Lemak dan minyak merupakan zat makanan yang penting untuk menjaga
kesehatan tubuh manusia. Selain itu juga lemak dan minyak merupakan sumber
energi yang lebih efektif dibanding denga karbohidrat dan protein. Lemak hewani
26
mengandung banyak sterol yang disebut kolesterol. Sedangkan lemak nabati
mengandung fitosterol dan lebih banyak mengandung asam lemak tak jenuh
sehingga umumnya berbentuk cair (Winarno, 1992). Lemak yang ditambahkan ke
dalam bahan pangan atau dijadikan bahan pangan membutuhkan persyaratan dan
sifat-sifat tertentu. Berbagai bahan pangan seperti daging, ikan, telur, susu, kacang
tanah dan beberapa jenis sayuran mengandung lemak atau minyak yang biasanya
termakan bersama bahan tersebut. Lemak dan minyak tersebut dikenal sebagai lemak
tersembunyi. Sedangkan lemak atau minyak yang telah diekstraksi dari ternak atau
bahan nabati dan dimurnikan dikenal sebagai lemak minyak biasa atau lemak kasat
mata (Winarno, 1992).
5. Karbohidrat
Karbohidrat adalah polihidroksi aldehid atau polihidroksiketon dan meliputi
kondenset polimer-polimernya yang terbentuk. Berbagai analisa dilakukan terhadap
karbohidrat, dalam ilmu dan teknologi pangan analisa karbohidrat yang biasanya
dilakukan misalnya penentuan jumlah secara kuantitatif dalam menentukan
komposisi suatu bahan makanan, penentuan sifat fisis atau kimiawinya dalam
kaitannya dengan pembentukan kekentalan, kelekatan, stabilitas larutan dan tekstur
hasil olahannya (Budianto, 2009). Karbohidrat merupakan sumber kalori atau
makronutrien utama bagi organisme heterotroph, jumlah kalori yang dapat dihasilkan
oleh 1 g karbohidrat hanya 4 kal (kkal). Karbohidrat juga memiliki peranan penting
dalam menentukan karateristik bahan makanan, misalnya rasa, warna dan tekstur.
Karbohidrat dalam tubuh berguna untuk mencegah timbulnya ketosis, pemecahan
27
protein tubuh yang berlebihan, kehilangan mineral, dan berguna untuk membantu
metabolisme lemak dan protein. Karbohidrat banyak terdapat dalam bahan nabati,
baik berupa gula sederhana, heksosa, pentosa, maupun karbohidrat dengan berat
molekul yang tinggi seperti pati, pektin, selulosa, dan lignin.

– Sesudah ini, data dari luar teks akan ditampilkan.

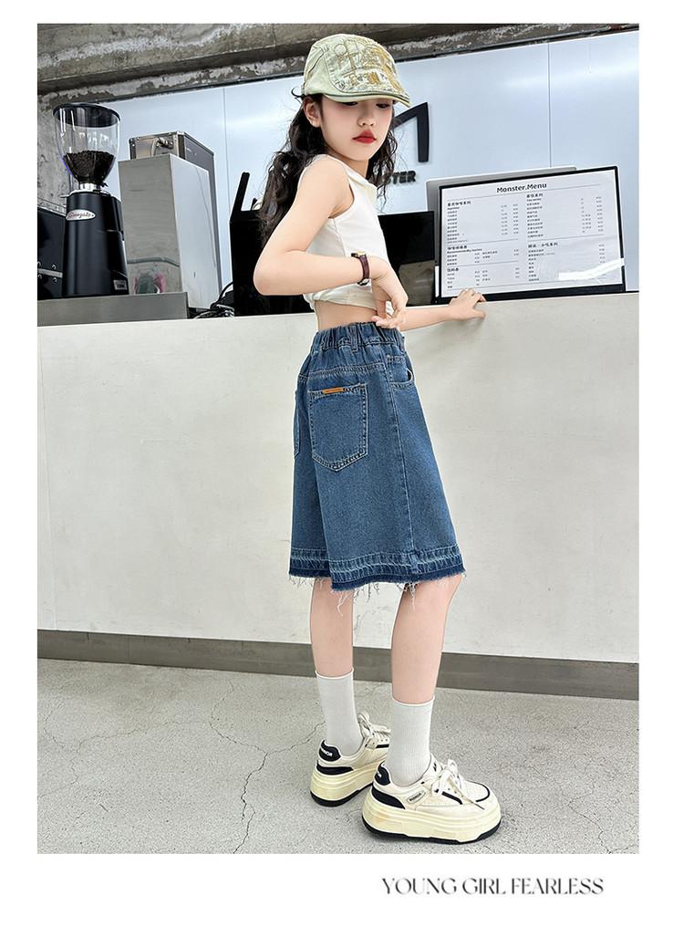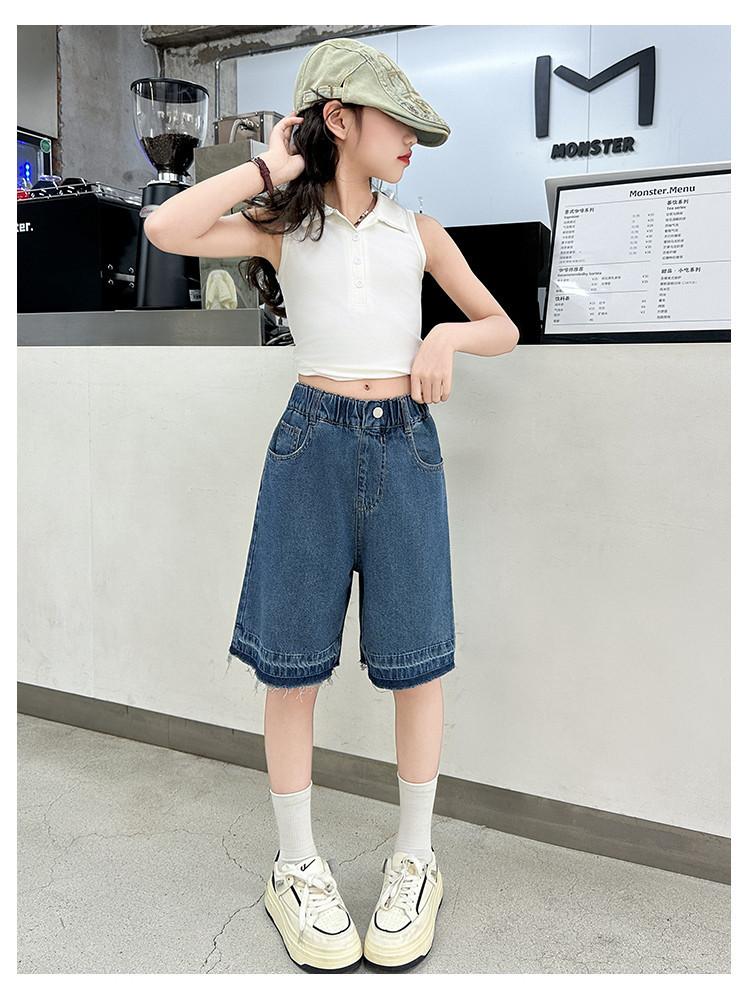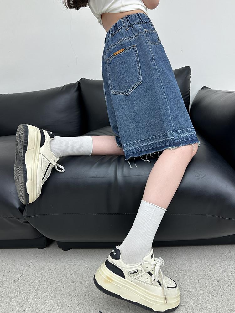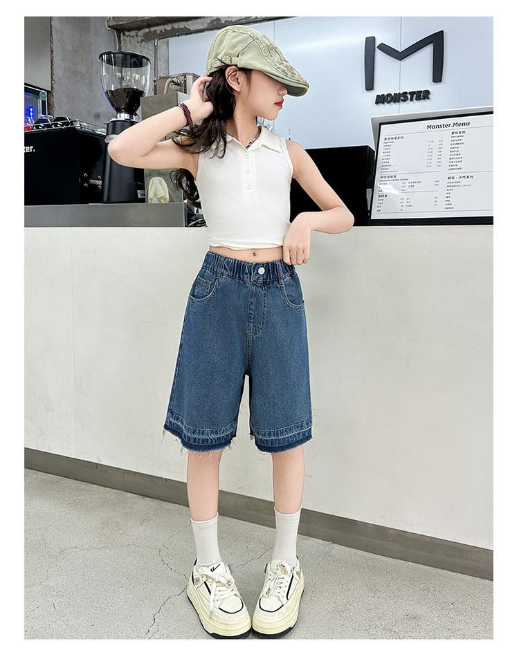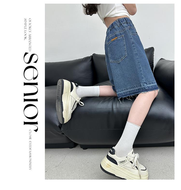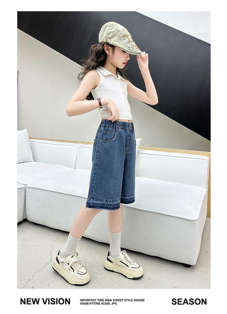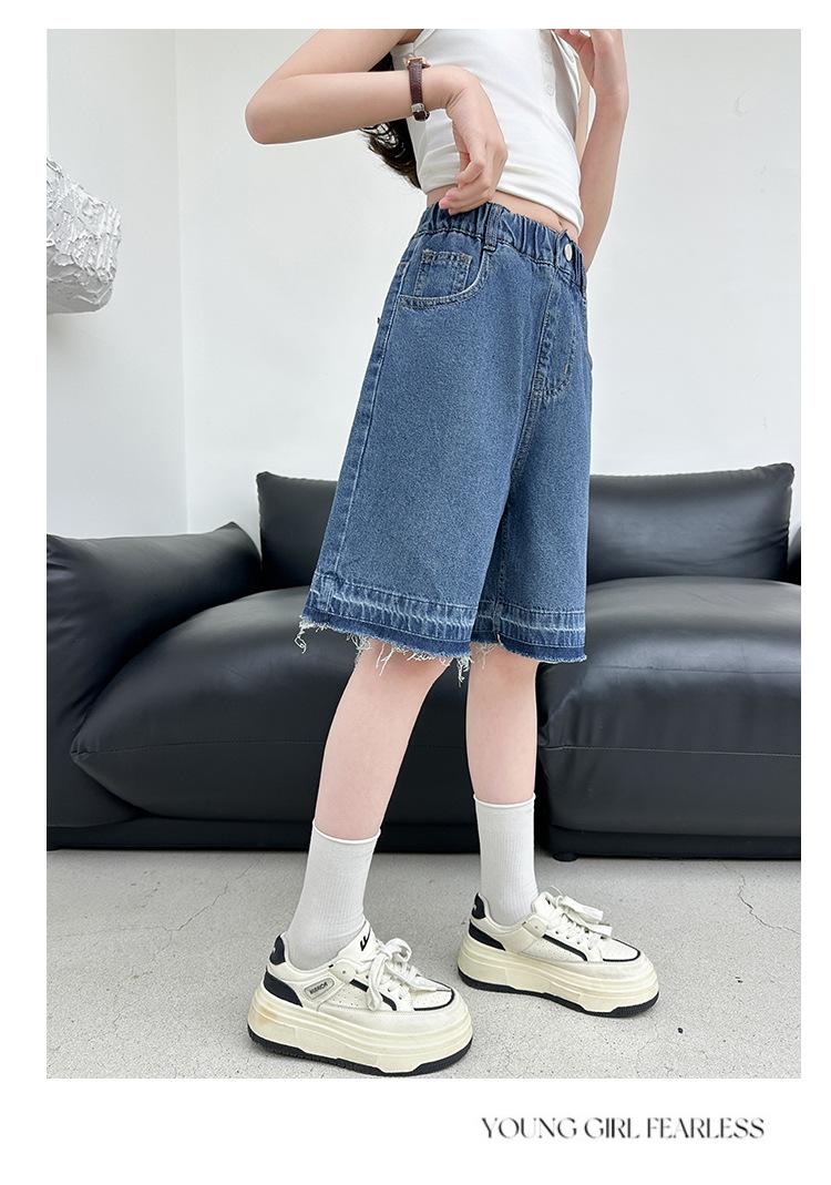 Shorts de Mezclilla para Niñas Verano 2025 Nuevos Pantalones Elegantes para Niños Verano Delgados Sueltos Shorts de Largo Medio para Niños Mayores
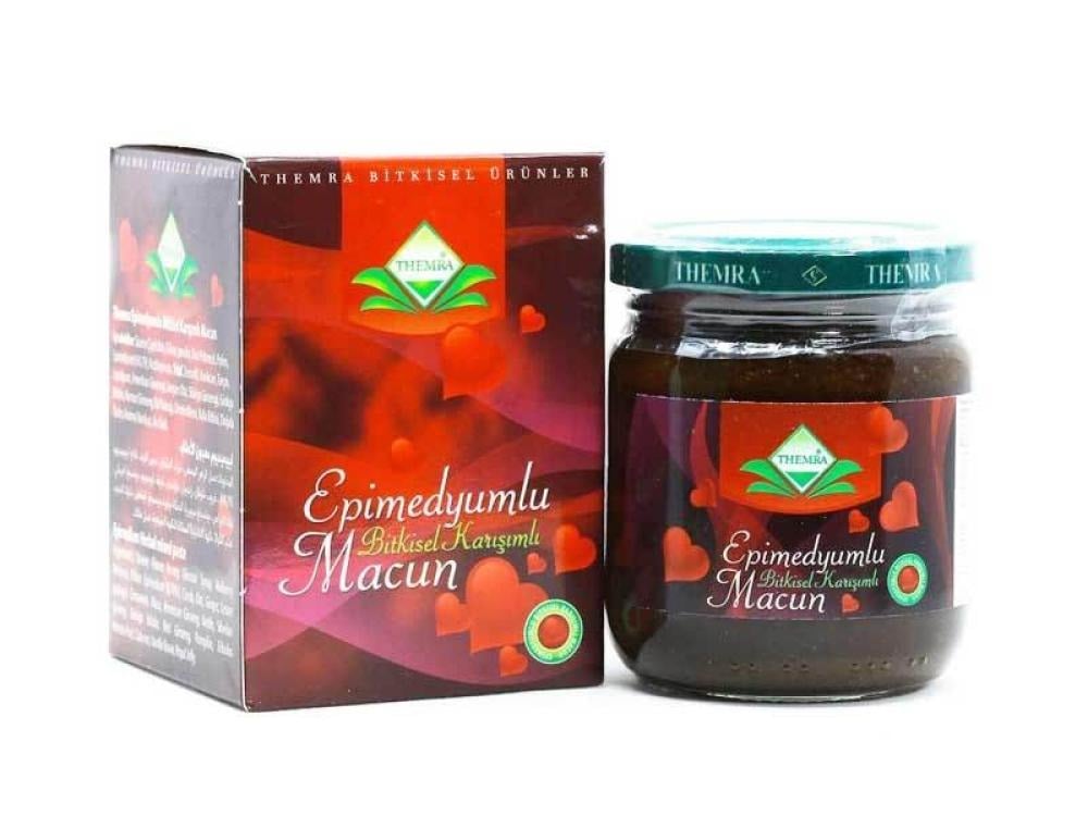 معجون Epimedyumlu Macun من “Themra” معمول بعناية من أعشاب طبيعية مثل عشبة الإبيميديوم (عشبة العنزة) ، جينسنغ ، زنجبيل ، وقرفة وغيرها — عشان يعطيك طاقة ، أداء طبيعي ، وحيوية يوم بعد يوم.
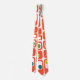 This tie has a design of orange rectangles with circles in them in different shades of green and blue.
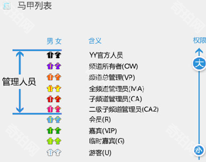 yy马甲颜色代表什么?软件YY是一款线上语音软件,用户可以创建自己的频道并给频道中的其他用户设置权限。用户的权限等级是用马甲的颜色来提现的,很多小伙伴还不太清楚yy频道中的马甲颜色代表有什么权限,那么接下来就和小编一起看看《YY》马甲颜色等级表吧。
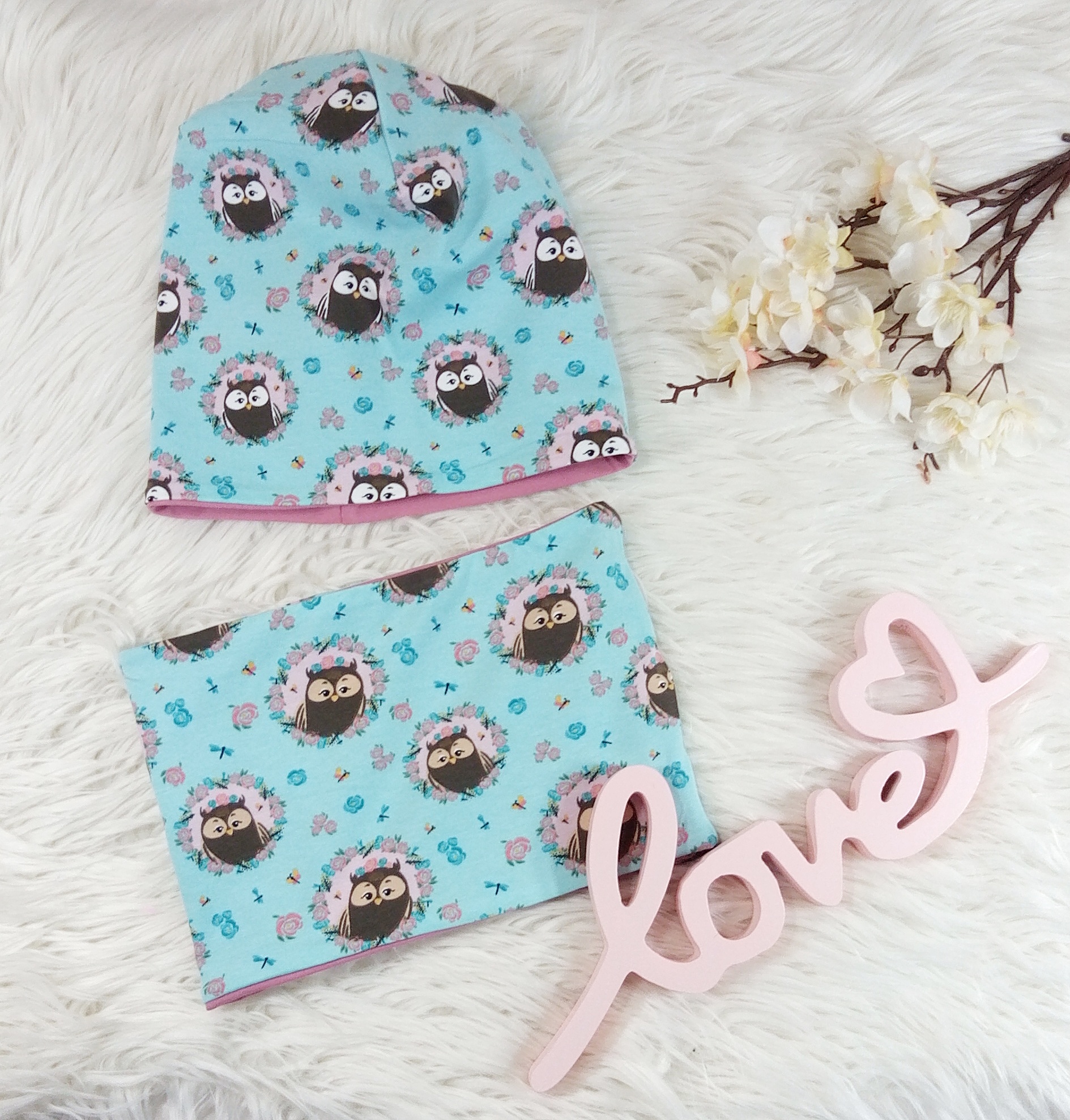 Die Mütze und der Loopschal sind beide jeweils aus 2 Lagen Jersey hergestellt. Dadurch eignen sie sich super für die Übergangszeit.

Pada umumnya
karbohidrat dapat dikelompokan menjadi monosakarida, oligosakarida, serta
polisakarida. Monosakarida merupakan molekul yang dapat terdiri dari lima atau
enam atom C, sedangkan oligosakarida merupakan polimer dari 2-10 monosakarida,
dan pada umumnya polisakarida merupakan polimer yang terdiri lebih dari monomer
monosakarida (Winarno, 1992).
H. Hipotesis
Penambahan ekstrak secang diduga mempengaruhi aktivitas antioksidan, warna
dan tingkat kesukaan instan kunir putih (Curcuma mangga Val).